Your Legacy, Your Choice

April 3, 2016

So
here we are, April.  For those who have
been a part of the Cornerstone family for more than a year then you know what
April means. 
For
those of you who have been with us for less than a year you might think that
April is simply the month that falls between March and May.  And while that is true, at Cornerstone April
has been traditionally, at least since 2002, the month that Denn talks about
money.
And
you might think that is a bit strange, so let me give you some history and
background as to why that occurs.
First
of all, it occurs in April because this is the end of the church year for
Wesleyan Churches.  Why April?  I have no idea, but it is what it is.
Prior
to 2002 Cornerstone handled our budget and finances like most churches do.  Before the new church year, the local board
would sit down and draw up a budget for the new year.  But there was really very little rationale
for the budget.  The best that we would
hope for was we’d take last year’s budget and say “We hope to grow this year,
so let’s increase the budget by 10%” But that very seldom took into account if
we had made the budget the previous year or not.
It’s
like writing a personal budget without taking into account your income.  Assuming the money will just appear.  The problem in churches is when the money
doesn’t just appear then the pastor is instructed to preach on money. And
because the pastor only preaches on money when there is a problem it comes
across as scolding or nagging.  And most
people learn from childhood to mentally turn down the volume of nagging and
scolding. 
So
in 2002, the leadership at Cornerstone decided that instead of having the
pastor preach on money when things are tight, and then it comes off as
desperation, we would take the month of April, each year, to teach the theology
of giving, how we make our money and how we use our money.  
First
we called it Stewardship Emphasis month but some where along the line it became
know as simply “Money Month” 
And then on the last Sunday of
April, step up cards will be distributed to folks who call Cornerstone their
church home to respond and provide an estimate of what they believe they will
be able to give in the upcoming year.  In
affect you get to have a say in the budget and say “This is the type of church
I would like to have this year.”
And then we take the cards, add
them up and that becomes our budget for the year.  Not a nickel more.  And to stress the reality of that concept,
the first time we did that at Cornerstone I lost a third of my salary and had to
take outside employment for the next couple of years.
I
think I handle the mechanics of it well; we try not to embarrass anyone or put
anyone on the spot. If you don’t want to participate that is fine, although we
encourage everyone to take part.   And we
don’t come knocking on your door if you aren’t able to give what you thought
you’d be able to, we hope you will after all we have based our budget on those
figures.  And we provide you with updates
throughout the year about where we are in relation to what was committed and
where you are personally in relation to your commitment
 The scripture that was read earlier is one of many
instances in the bible when Christians were taught about and reminded of their
giving habits.  You see it’s not just
Denn who talks about money.
In
this case Paul is writing to the Corinthian church and he’s dealing with a
collection that was being received for the believers in Jerusalem who were in
the midst of persecution for their faith. 

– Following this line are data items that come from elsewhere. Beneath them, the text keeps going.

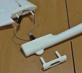 Сборка крыла, изначально соединяем разъемы сервомашинки с удлинителем, пропихаем насквозь алюминиевую трубку и соединяем консоль с фюзеляжем модели.
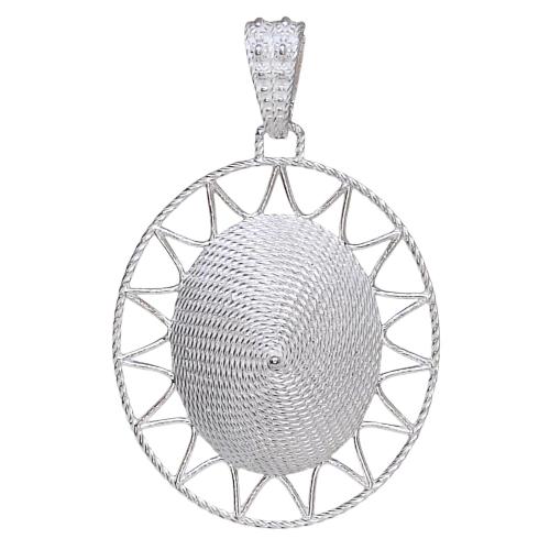 Ciondolo di filigrana in Argento a forma di corbula ovale con bordo traforato. Un bellissimo ciondolo che i nostri artigiani hanno voluto creare esclusivamente per te.
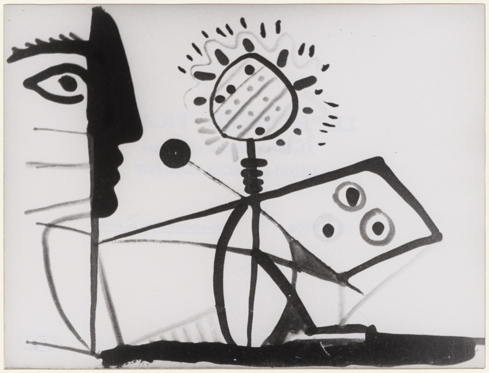Deuxième état du dessin "Profil féminin et scène de plage" sur le plateau du "Mystère Picasso" de Henri-Georges Clouzot, studio de La Victorine, Nice, en 1955
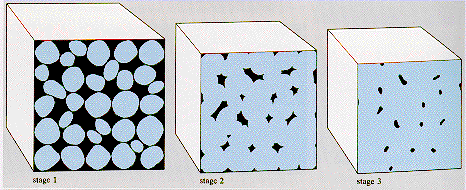 The piece still contains connected pores and channels. · By stage 3, continued sintering has removed most pores
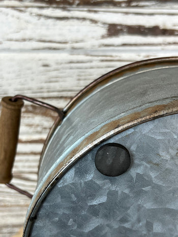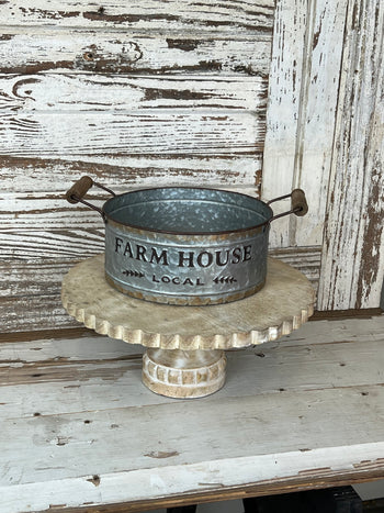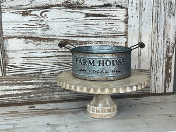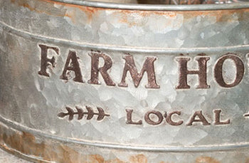 With its beautiful rustic appeal, our Farm House Local Round Bin is sure to be a favorite in your farmhouse for years to come. This metal bin has a vintage look with plenty of personality and will fill your home with charm while creating the perfect place for storage and display.
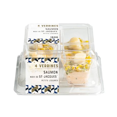 Verrines garnies de saumon Atlantique, de carottes, de concombres et de noix de Saint Jacques*, aromatisées.

And Paul is commending the Corinthian Church and he reaches back into
the Old Testament for the proper words and he quotes Psalm 112:9 where David is
talking about the righteous people who served God.   Psalm
112:9  They share freely and give generously to those in need. Their good
deeds will be remembered forever. They will have influence and honour.
What
Paul is speaking of and alluding to here transcends money and giving because
he’s speaking of the legacy that the Corinthians Church is leaving, in
particular I want to focus on the sentence that says “Their good deeds will be
remembered forever”. 
This
month our theme is “Your Legacy, Your Choice”  
and we really need to begin by defining what we mean by legacy.  Collin’s English Dictionary defines Legacy
this way:
Legacy:
1.         a gift by will, especially of money or
personal property
2.         something handed down or received from
an ancestor or predecessor
Sometimes
people will leave a legacy of money to an organization when they pass
away.  When Angela and I had our wills
prepared we stipulated that 10% of our estate was to be given to the church
where we were actively worshipping at the time of our death.   That would be a legacy, probably not a
really large legacy but a legacy never the less. 
And
for the purpose of my messages I want to combine those definitions and look at
what we hand down because of our giving. 

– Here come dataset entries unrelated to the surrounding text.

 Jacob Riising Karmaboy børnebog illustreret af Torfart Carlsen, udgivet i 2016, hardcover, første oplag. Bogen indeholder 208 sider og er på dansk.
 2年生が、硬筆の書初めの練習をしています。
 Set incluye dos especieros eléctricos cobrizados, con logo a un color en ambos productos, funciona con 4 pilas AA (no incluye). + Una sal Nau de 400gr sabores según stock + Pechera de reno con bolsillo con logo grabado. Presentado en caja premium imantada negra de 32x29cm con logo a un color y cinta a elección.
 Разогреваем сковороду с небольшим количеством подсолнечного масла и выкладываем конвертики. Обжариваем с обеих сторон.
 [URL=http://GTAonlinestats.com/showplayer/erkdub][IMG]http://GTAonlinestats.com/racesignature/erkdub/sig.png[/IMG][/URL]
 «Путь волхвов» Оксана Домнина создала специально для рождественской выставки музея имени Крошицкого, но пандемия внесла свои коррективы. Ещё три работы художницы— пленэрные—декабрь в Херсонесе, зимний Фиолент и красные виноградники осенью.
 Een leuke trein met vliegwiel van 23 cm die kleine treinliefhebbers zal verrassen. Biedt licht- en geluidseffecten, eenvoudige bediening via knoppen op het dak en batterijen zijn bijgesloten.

 Paul told the Corinthians that
they would be remembered forever for their good deeds, for having giving freely
and generously. 
And
so he begins by telling the church 2 Corinthians 9:6  Remember this—a
farmer who plants only a few seeds will get a small crop. But the one who
plants generously will get a generous crop.
The
first thing we need to note is that 1) Everybody Leaves a Legacy Nobody lives a
life without making some type of mark on the world, for good or for bad. 
Four
Hundred years ago John Donne wrote “No man is an island entire of itself; every
man is a piece of the continent, a part of the main.”  Everyone will leave a legacy.
Paul
says that some farmers plant a few seeds and some plant generously, but the
reality is that they all plant something.
We
might think that we don’t do much, and while your name might be forgotten the
future will be written by what you do while you are here.  It might be a discovery made by your great
great great grand-child.  But that is
part of your legacy. 
Maybe
you’ve heard it called the Butterfly effect or the fancy name is “The Law of
Sensitive Dependence Upon Initial Conditions.” 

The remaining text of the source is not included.